Em 2010, Lee desertou para a Coreia do Sul, onde trabalhou sozinha limpando edifícios tarde da noite para evitar olhares.
Sua timidez não foi ajudada pelo fato de que a sociedade sul-coreana dá uma enorme importância à aparência, especialmente das mulheres: a cirurgia plástica é um presente comum para as meninas quando terminam o colégio.
“Quando eu caminho na rua ou tenho de encontrar outra pessoa, instintivamente baixo o rosto e viro para a esquerda, para não mostrar esse lado”, disse Lee, 40. “Na Coreia do Sul, onde até as pessoas de boa aparência fazem cirurgias plásticas, acho mais difícil competir com esse rosto.” Agora, Lee vai receber uma ajuda com a qual nunca sonhou: um cirurgião plástico se ofereceu para ajudá-la a recuperar em parte suas antigas feições e sua autoestima.
Trata-se de um programa lançado neste ano pela polícia e por voluntários da Associação Coreana de Cirurgiões Plásticos para ajudar os desertores da Coreia do Norte. Muitos dos 28 mil desertores que vivem no Sul carregam marcas que tornam difícil seu encaixe na sociedade capitalista.
Muitas vezes, eles ganham menos e são tratados como funcionários despreparados e emocionalmente instáveis. Além disso, são perseguidos por memórias de parentes que morreram de fome e por temores pelos que deixaram para trás. Esses medos levam muitos, inclusive os que foram entrevistados para esta reportagem, a adotar pseudônimos para proteger seus parentes.

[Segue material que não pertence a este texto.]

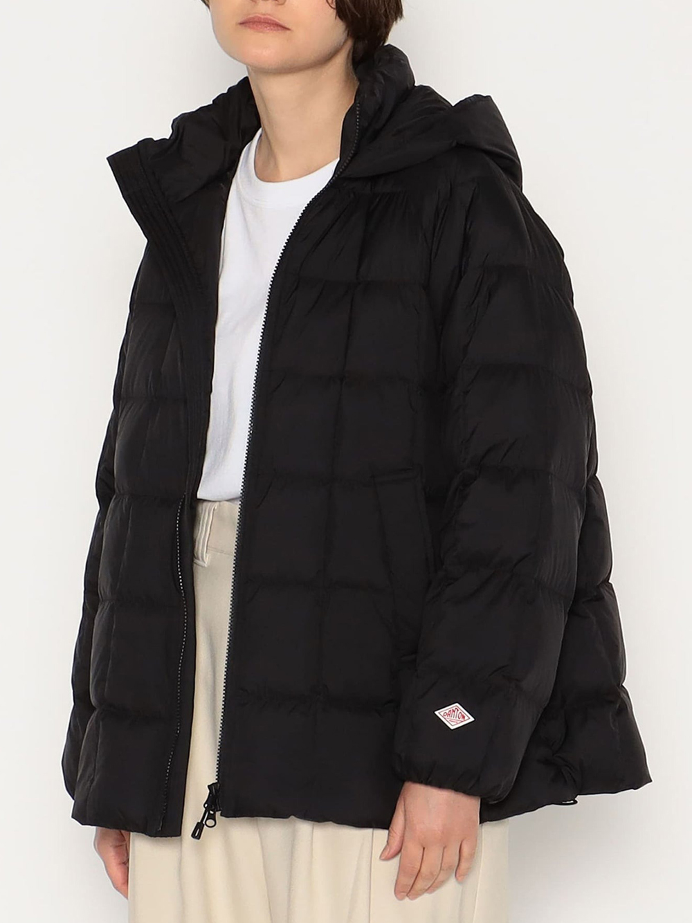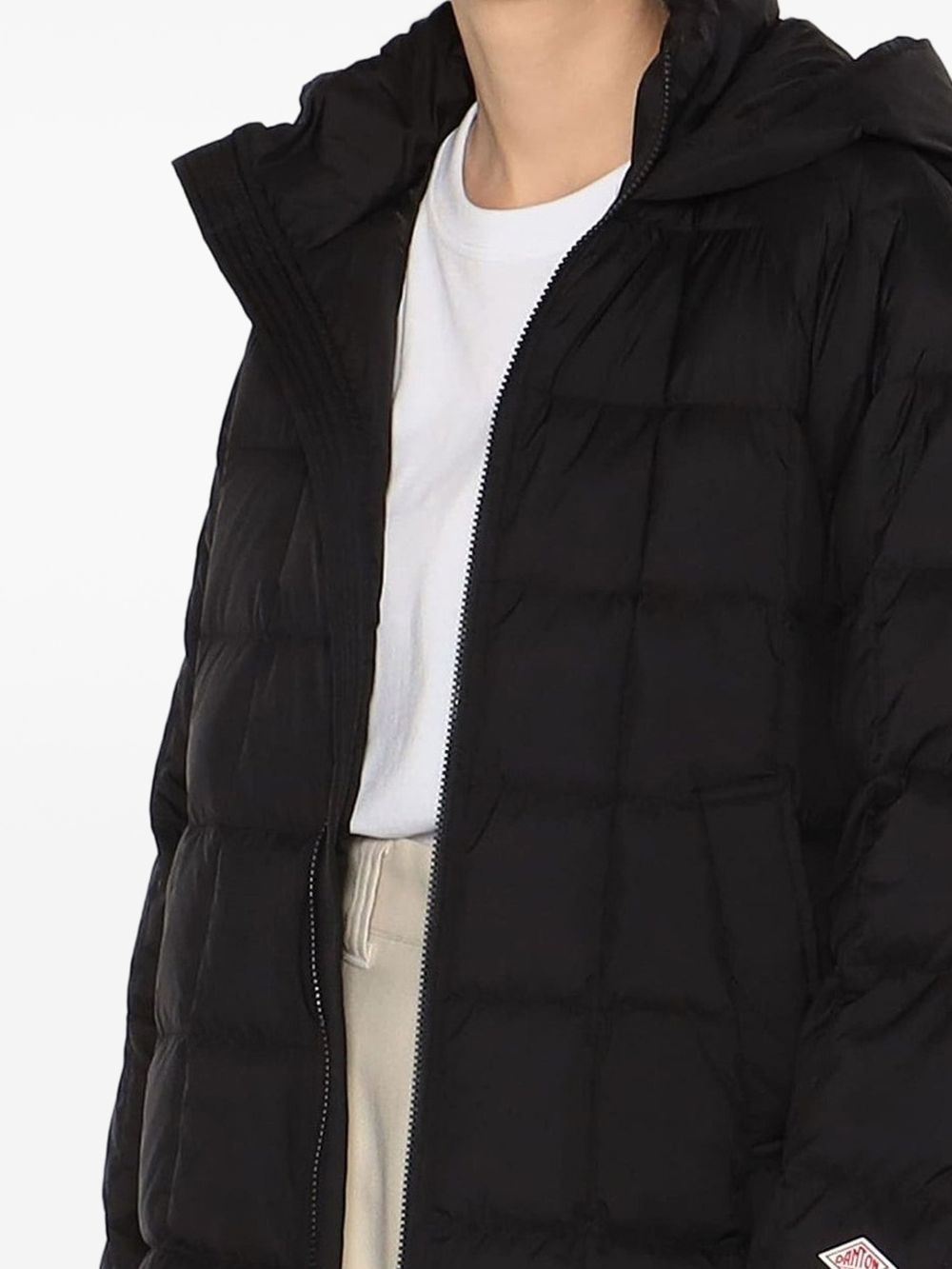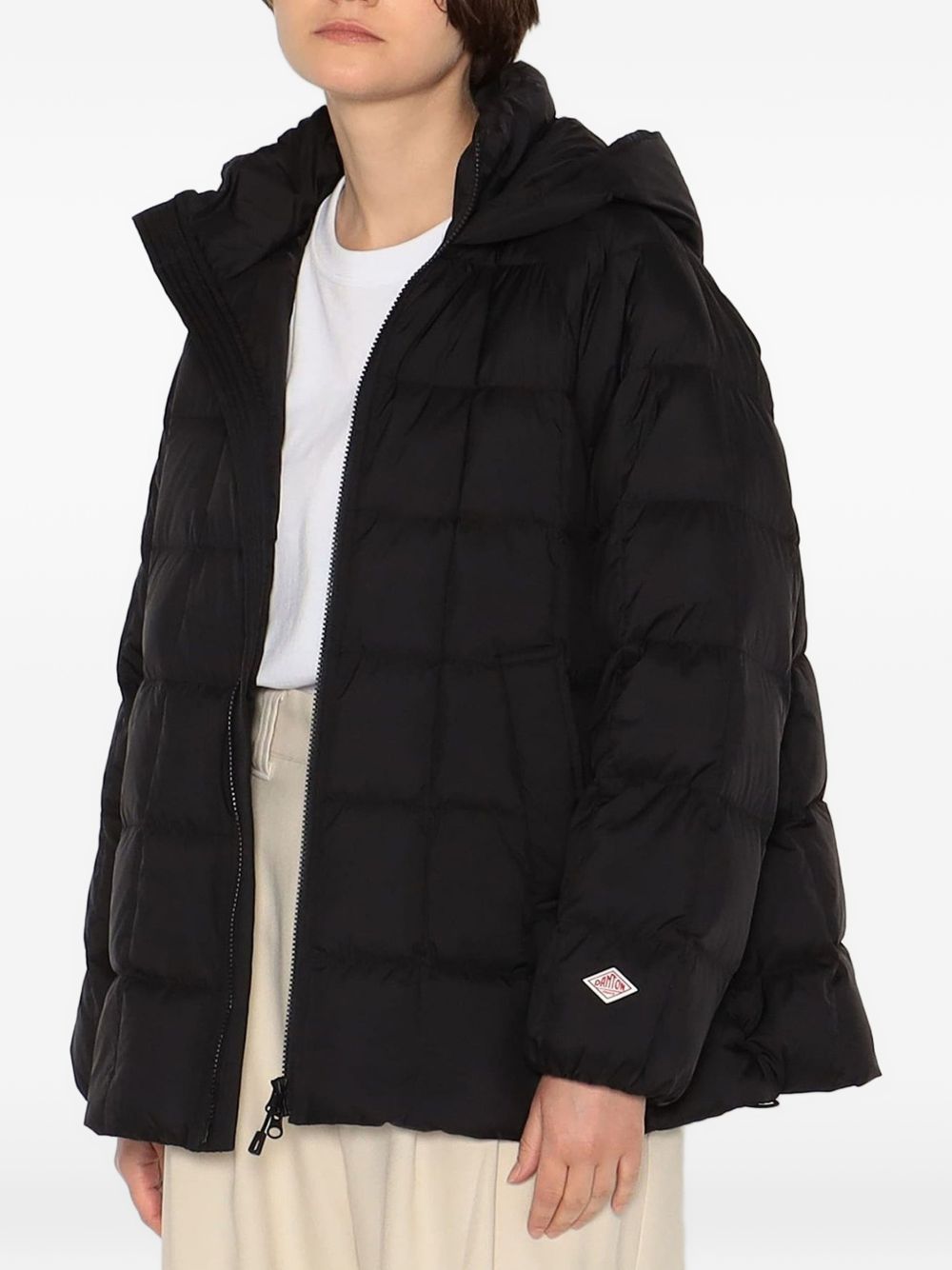 Danton Square Quilted Down Nylon Taffeta Padded Jacket in nylon with hood, front zip closure, and side zip pockets.

Kim Kyeong-suk, que é superintendente na delegacia de Yongsan, em Seul, teve a ideia do programa depois de saber que muitas pessoas do Norte não conseguiam encontrar trabalho por causa de suas cicatrizes.
Para Lee Cheon-seong, uma tatuagem bastou para transformá-lo de patriota em pária. Em 1986, ele e vários camaradas militares da Coreia do Norte se tatuaram com promessas de lealdade a Kim Il-sung, o fundador do país.
Foi só quando Lee fugiu de um expurgo político e desertou para a Coreia do Sul, no ano passado, que ele soube que muitos sul-coreanos associam as tatuagens ao crime organizado. “A tatuagem sempre foi um problema nas entrevistas de emprego”, disse Lee, 45.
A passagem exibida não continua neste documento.